I was a serious child. When things worth being serious about show up in my world, I tend to be a serious adult. And I see the enormous challenges we face as a global community. I know you do too. As a people struggling to live in peace with one another on the world stage of mismatched choirs, fearful that this great blue earth ball of dirt and water we inhabit will one day implode under the weight of it all…we are perpetual experts at the struggle. It is sobering. I understood Grandmother's song better than she thought. We are brilliant at round tabling. We are bodacious builders of peace-seeking strategies. PowerPoint pacifism. Stupendously adept at the fine fine art of peace-building on paper.
We fail miserably at retreat.
We run screaming from surrender.
We don't want to believe in anything we can't see, smell, touch and understand.
I understood that grandmother couldn't sing.
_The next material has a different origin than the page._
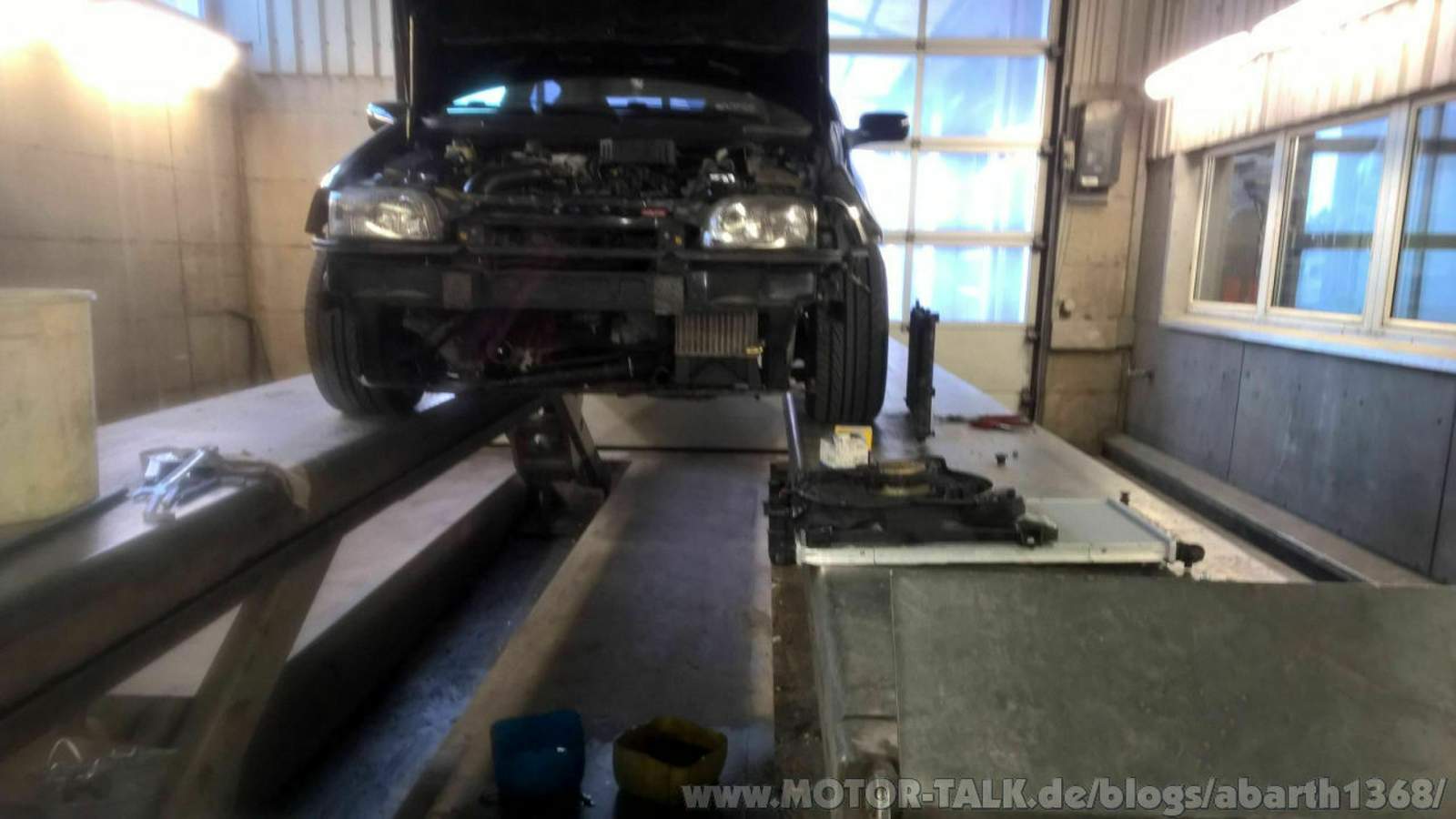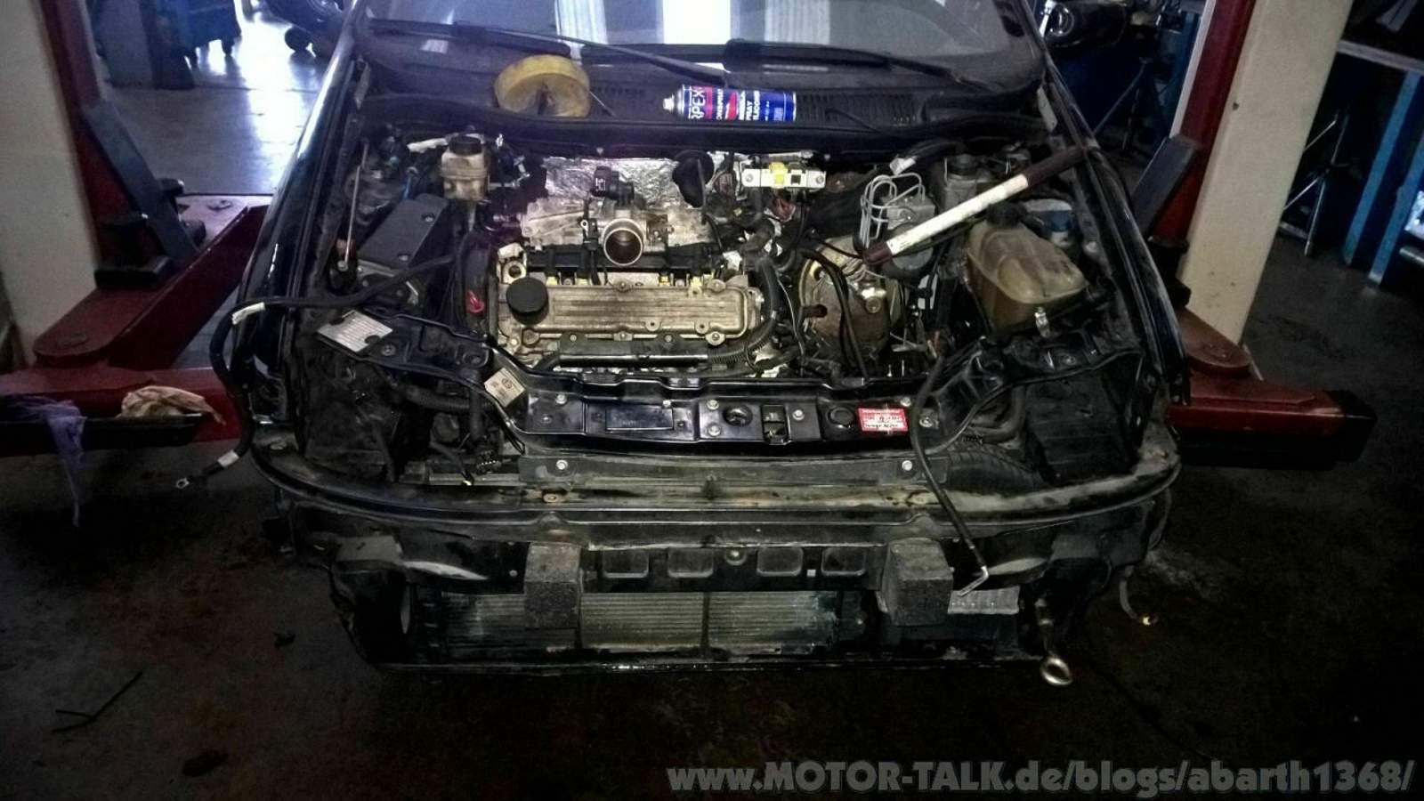 An einem anderen Samstagnachmittag fingen wir mit dem Motorausbau von meinem Punto an. So als kleine Randbemerkung, unglaublich wie tief mein Punto ist, das verfolgte mich durch das ganze Projekt - ich musste ihn zuerst immer mit dem originalen Wagenheber auf Holzblöcke stellen, damit wir überhaupt mit dem Lift darunter gekommen sind

I understood that I hated that dreary song.
I understood that
grandmother understood that there was no rhyme or reason in her Pollyanna philosophy.
And I understood that it mattered not one iota to her.
I wondered why....why the winks and smiles in church...why the knowing nods between the two of them.....why the certainty that every uncertainty known to man was a certain source of their joy. They didn't need to understand why.
I was certain of that.
My grandmother couldn’t carry a tune in a bucket. But she thought she could. And when she would sing in the old country church choir, it would make my ears hurt (Don’t tell her I said that).
But Papa didn’t mind. He couldn’t sing either. And to him, her voice was as beautiful as her face…or her Hollywood sunglasses, her long dark hair under the hats they shared or the strange strange way their unlikely union seemed to jell into one - despite her minor-keyed world of wigs and harmonies unknown to man.
He learned to surrender.
No. I take that back.
He loved to surrender.
And that is the word we must put before any attempt at laying down of arms
We have to teach each other
not how to unmake war but how to remake peace. Because truly, if we believe that words are powerful and if we believe those incredible words of Mother Teresa’s about how peace is unattainable because we have simply forgotten that we belong to each other, then we wouldn’t have to think at the think tank of perpetual peace talks at all.
We could just step out of struggle and live in the shiny world of
Cheer up my Brother and actually live in the sunshine.
All it takes is a life force on this planet willing to take the first step.
And show the other side that trust is not only a scary thing, but the only way.
Which brings me back to my grandfather's Cokesbury Worship Hymnal.
I needed to trust the muse.
The last time he held this book in his hands was the Sunday before he died. In the back of the book there are Responsive Readings. He often led the congregation in those readings. I could not get that book off my brain this week. I needed to find it. After I brought it upstairs, sang from the shaped notes hymnal of cheer-up doom and gave my mums to my grandmother's memory, I started thumbing through the back of The Cokesbury.
Would you like to take a wild guess where his page was turned down?
Why is that?
I am happy to report that I do not know.
But here in Bloggingham tonight, bound to my grandparents' memory is a small bouquet of wild pink peace mums laid on a bed of uncommon love, shaped oddly like the sound of a far away tune in a church full of cheer in the middle of plowshares and pruning hooks.
"Nation shall not lift up sword against nation, neither shall they learn war any more."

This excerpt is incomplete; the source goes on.